I have one here in my shop. when I open up my 36 one hundred foot loops, I should be able to peg the pump at max flow for each setting. Instead I can't even get it to report more than 7-8 GPM.

be curious to know if anyone else is seeing anything like that.

not really true.

@ April 8, 2013 5:32 PM in Formulas for heat-loss calculations

more PRESSURE differential more in/exfiltration. not more "convection". If you dump 500 cfm in a bedroom with no way out, you will drive exfiltration. ditto for a room with a return and no way for air to get to it.

taller buildings with stack effects is more in/exfiltration.

more holes of course = more infiltration.

radiant loads can be lower because duct losses can be lower. you might drive less infiltration but it's not inherent to the application of forced air to have higher infiltration.

zeff, your formula are correct but your inputs are still where the magic is. GIGO my friend. you have some heavy reading ahead of you on that front to get good numbers.

with chilled water

@ March 5, 2013 10:13 AM in Chilled ceiling design

flow rates must be high unless you can make really cold water. whether you tie to air or radiant this remains true.

cold water

@ March 5, 2013 9:34 AM in Chilled ceiling design

we are using a daikin altherma air to water heat pump. I am not up to speed on all the chiller options... I will say that may require super high head pumps so doing a tank with them and turning off the pump is often a great choice.


@ March 4, 2013 9:32 AM in Chilled ceiling design

in our case is a single chilled water coil in an ERV duct system... all air in is dehumidified.

has limitations if you have a leaky envelope, then you need recirc. but you don't have to dehumidify every room, as the fellow says, humidity travels pretty well.

not at all

@ January 16, 2013 10:42 AM in Misc questions on radiant

if you're cooling, I would stick with warmboard R.

if you're just heating plates and strapping work fine too. plates against the drywall.

good eye bob.

@ January 15, 2013 9:13 PM in High delta T, how to adjust it?

didn't even think about the rust.


@ January 15, 2013 9:10 PM in High delta T, how to adjust it?

there is no way the pump is undersized. I don't care how many 90's you have. if you measure it all and find that the pump is undersized, you're wrong. it's that simple.

your problem is not circ sizing. say it with me now! your problems is NOT pump sizing. it may be a bad pump, but it's not the model number causing your problem.

to get this pump down to, say, 5 GPM (where it would have to be to even run a 50 degree dt for any length of time with your boiler) you'd have to have about 10 feet of head.
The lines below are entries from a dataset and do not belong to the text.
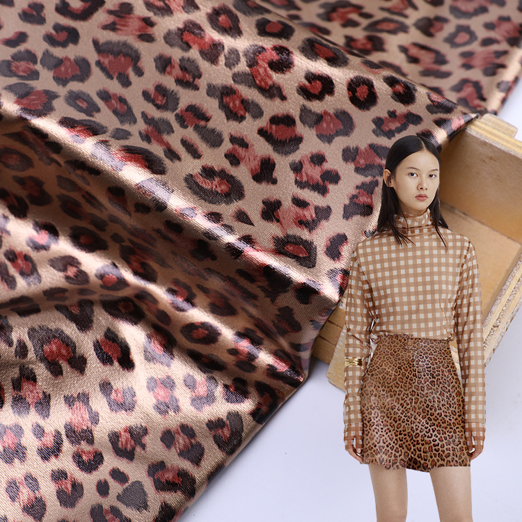 ファッションヒョウ柄生地スパンデックス四面弾箔押しセクシーヒョウ柄スカート上着キャミソールファッション生地
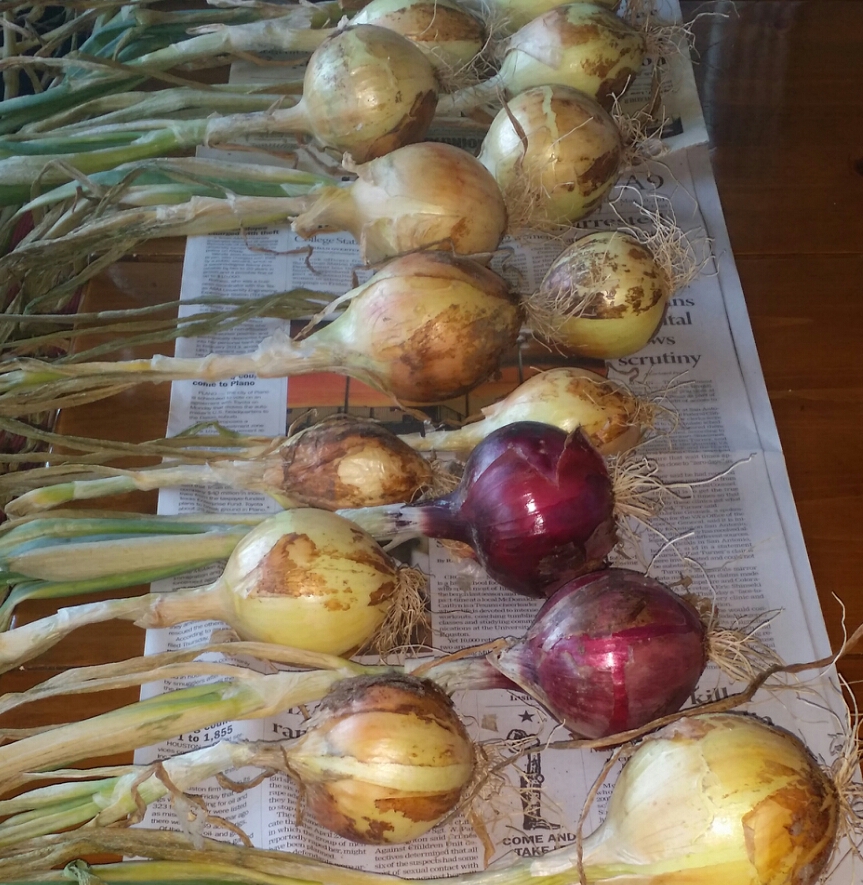 Post harvest bulb rot is the greatest threat to successful storage of onions. The key to success is to dry onions in relatively cool (75 to 85 degrees F) and dry (low humidity) conditions. If our weather is cooperative, we can dry them on a table in the garage. I have also dried them on a table in the house (see “Onions Drying”).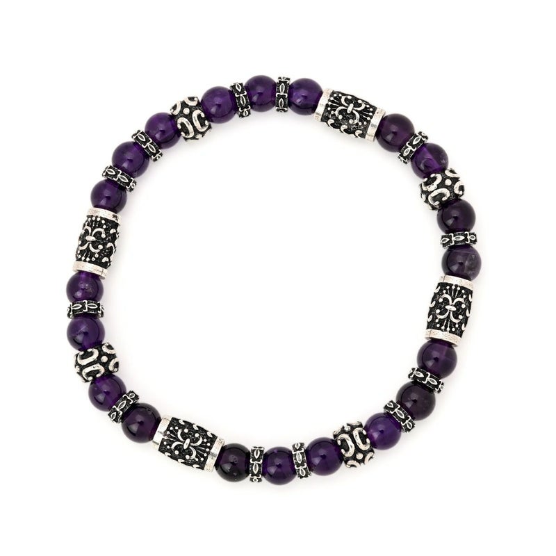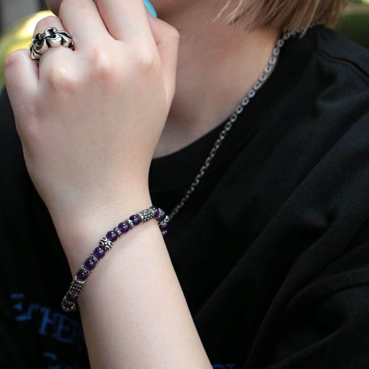 小振りサイズのシルバービーズに心を落ち着かせると言われるアメシストを組み合わせた、腕元のアクセントとして使いやすい6mm幅のストーンブレスレット。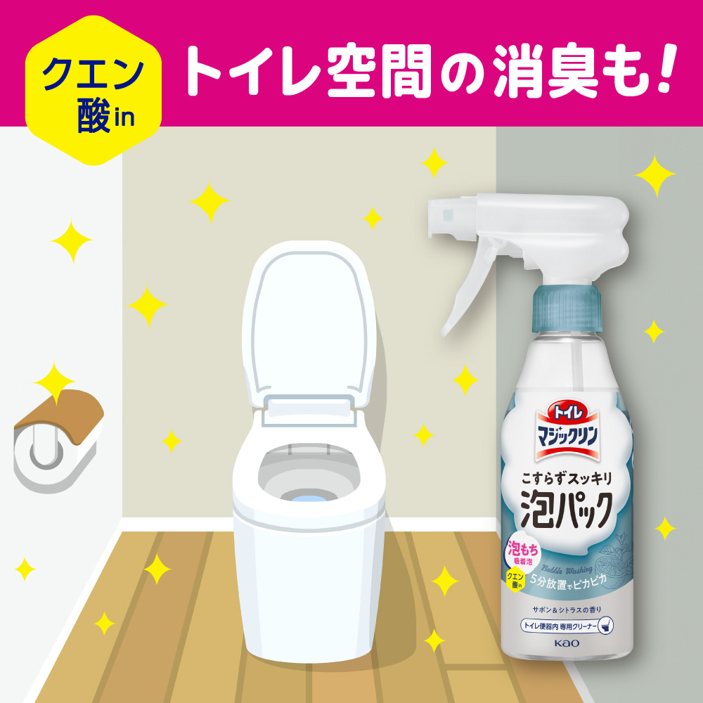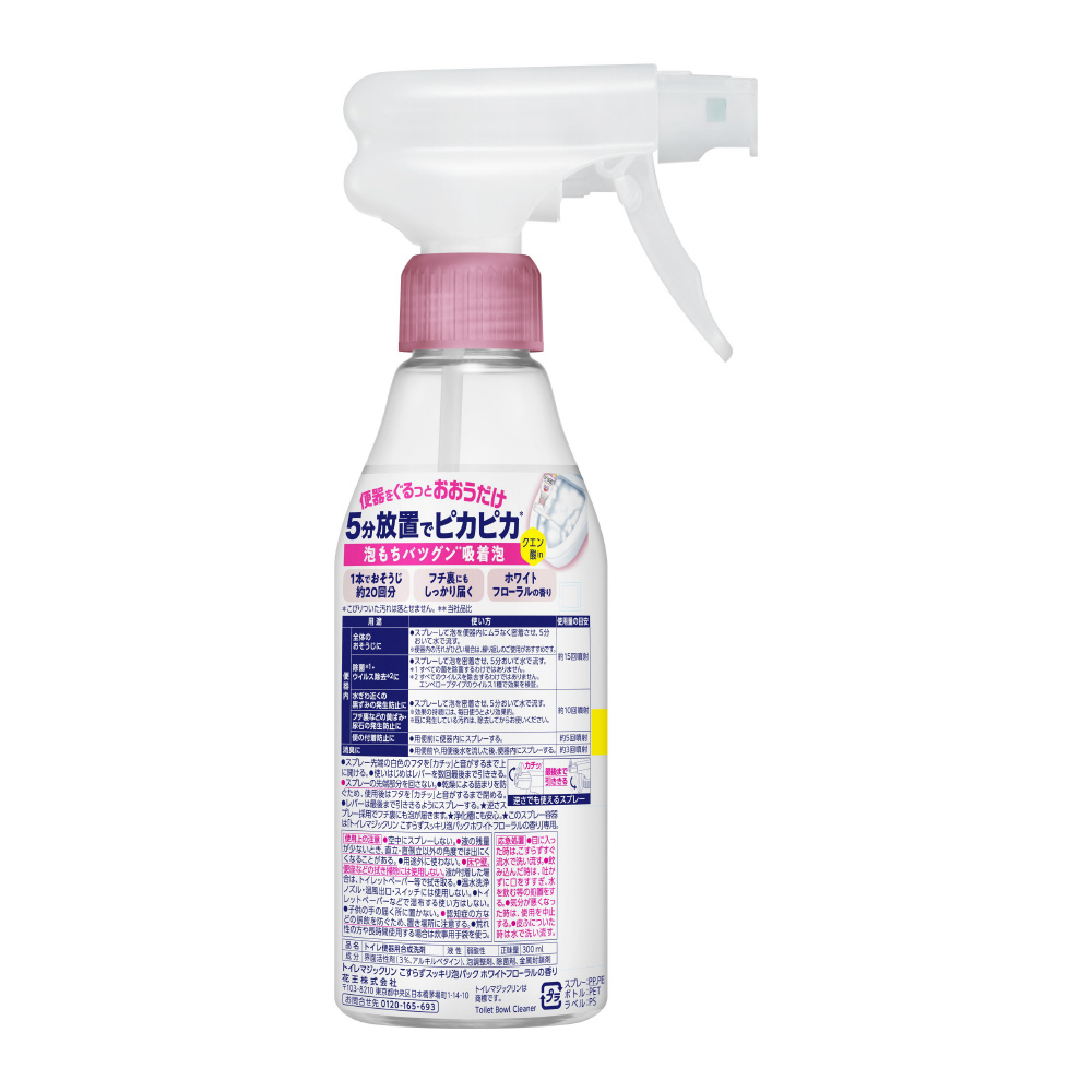 泡もちバツグン※1吸着泡で便器をぐるっとおおうだけ。ほったらかして(5分以上放置)トイレピカピカ!※2 ゴシゴシいらず※2でラクラクきれい!消臭もできるクエン酸in処方のトイレ便器内専用クリーナー!逆さスプレーできるから、フチ裏もしっかりパック。おそうじを楽しむホワイトフローラルの香り ※1当社品比※2便器内専用、こびりついた汚れは落とせません。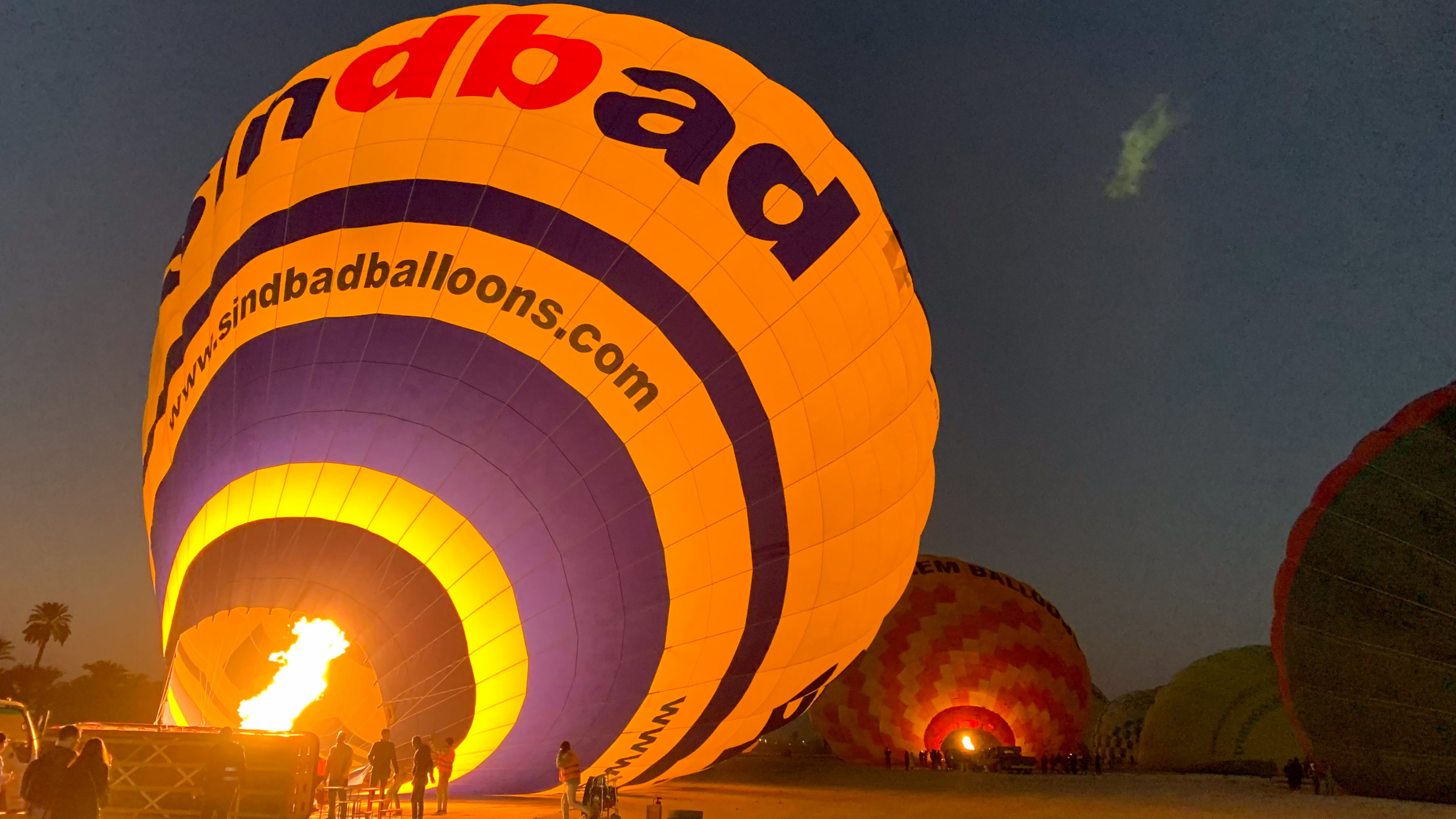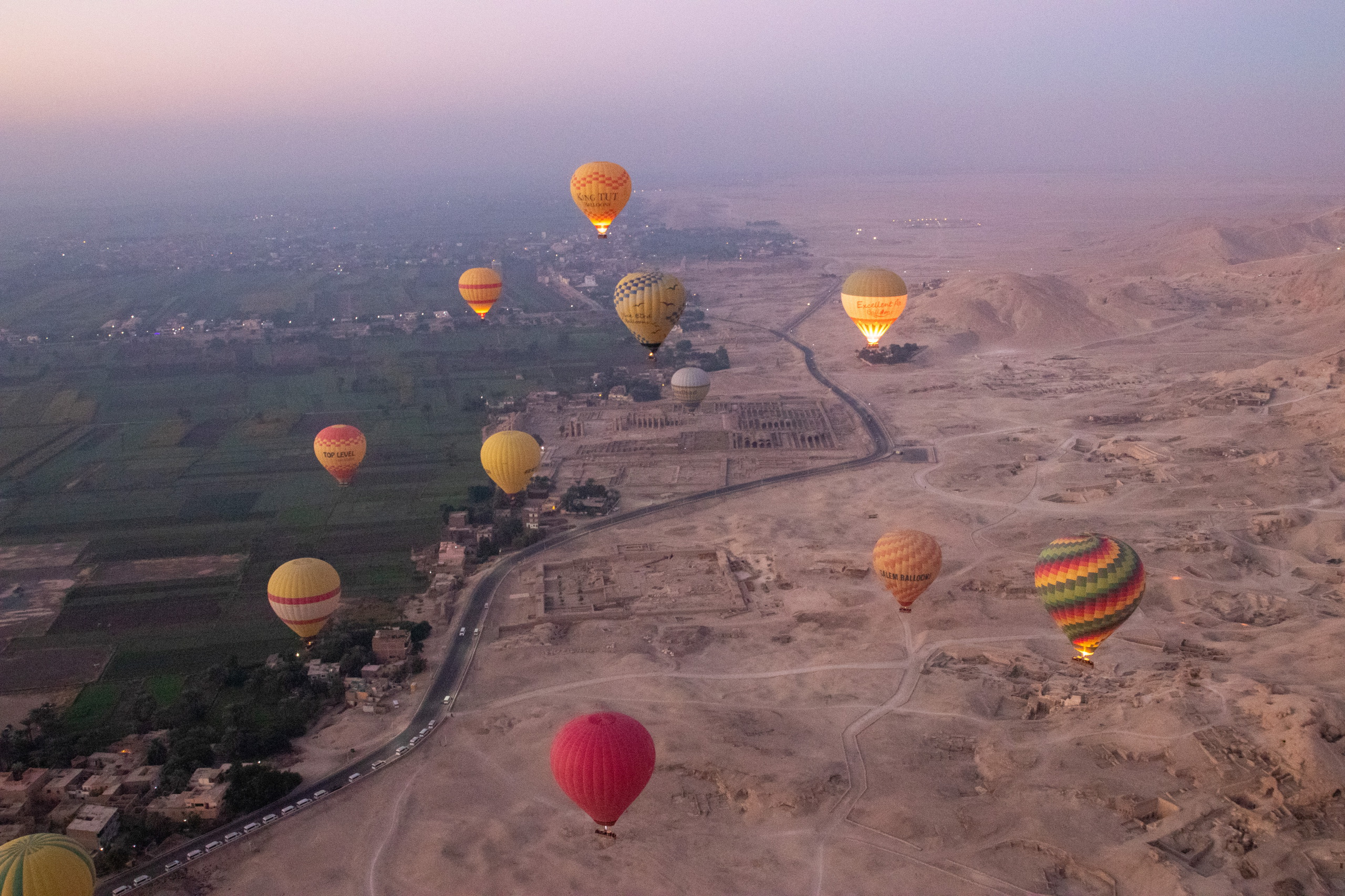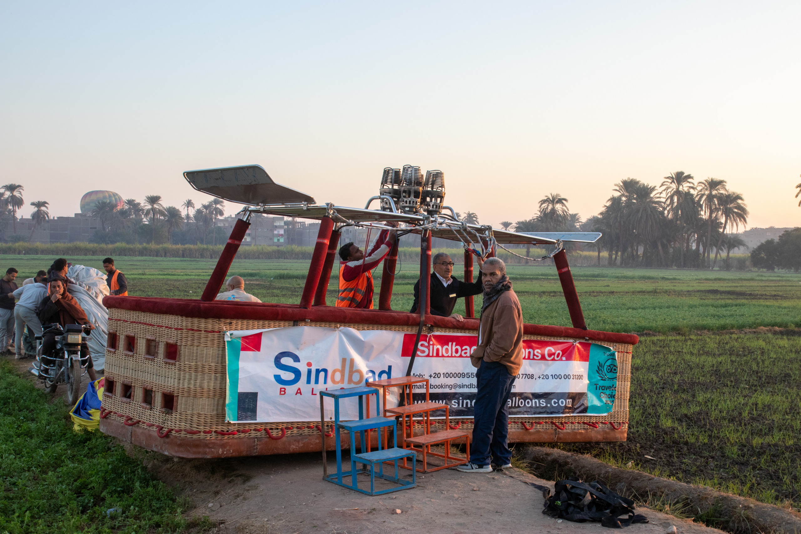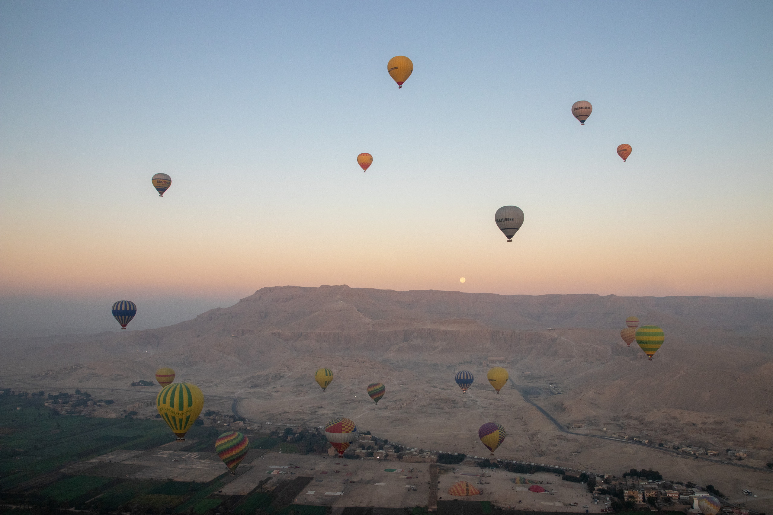 Nach einem kurzen Briefing mit allen notwendigen Informationen, werden die 28 Leute in 3er- und 4er- Gruppen eingeteilt. Um Punkt sechs Uhr gibt es das finale Go und die Gebläse werden angeworfen. Nachdem die Ballons fast voll sind, wird noch ordentlich mit riesigen Gasflammen eingeheizt. Kurz darauf werden wir zum riesigen Korb gebracht und jede Gruppe klettert in ihr eigenes Abteil mit Griffen für eine möglicherweise ruppige Landung. Es wackelt etwas, als sich der Ballon zu heben beginnt, da er noch von der Bodencrew unten gehalten wird. Sowie sie ihn freigeben, heben wir sanft ab, ohne es zu spüren. Ziemlich knapp an einem anderen Ballon vorbei, gewinnen wir schnell an Höhe mit fantastischer Sicht über die Thebanische Nekropole.

If your flow rate were REALLY that low, split through 2 circuits, you'd have about 1.5 feet of head in the baseboard. I don't care how many elbows you throw at it, and I don't even care what model boiler you have... you don't have 8 feet of head on top of the baseboard here at 5 GPM unless you've got something really, really weird here like a 1/2" return crossing the house or a hundred foot 3/4" combined return or something.

so this pump should be pushing significantly more flow, with a lower delta T. period. finding out why it's not is a good exercise. trying to confirm this pump is appropriate is, in all likelihood, a waste of time and energy.

but if it makes you feel better, knock yourself out.


@ January 15, 2013 6:50 PM in High delta T, how to adjust it?

tom why not? the rest of us are happy to look dumb ;)

it is true

@ January 15, 2013 6:49 PM in Misc questions on radiant

that radiant ceiling is not AS comfortable as radiant floor in heating mode. however it is also true that it is still more comfortable than baseboard or forced air of any variety.

I would put it higher than panel rads in most cases as well. though if you do have higher temperature radiators and you can stand right up on top of them, that can be nice. I like to sit very close to ragingly hot woodstoves. but for the overall comfort of the room, any full radiant surface will beat a smaller panel radiator.

I tend to avoid radiant walls because of furniture and puncture issues. I prefer ceilings for those reasons. also installation is easier.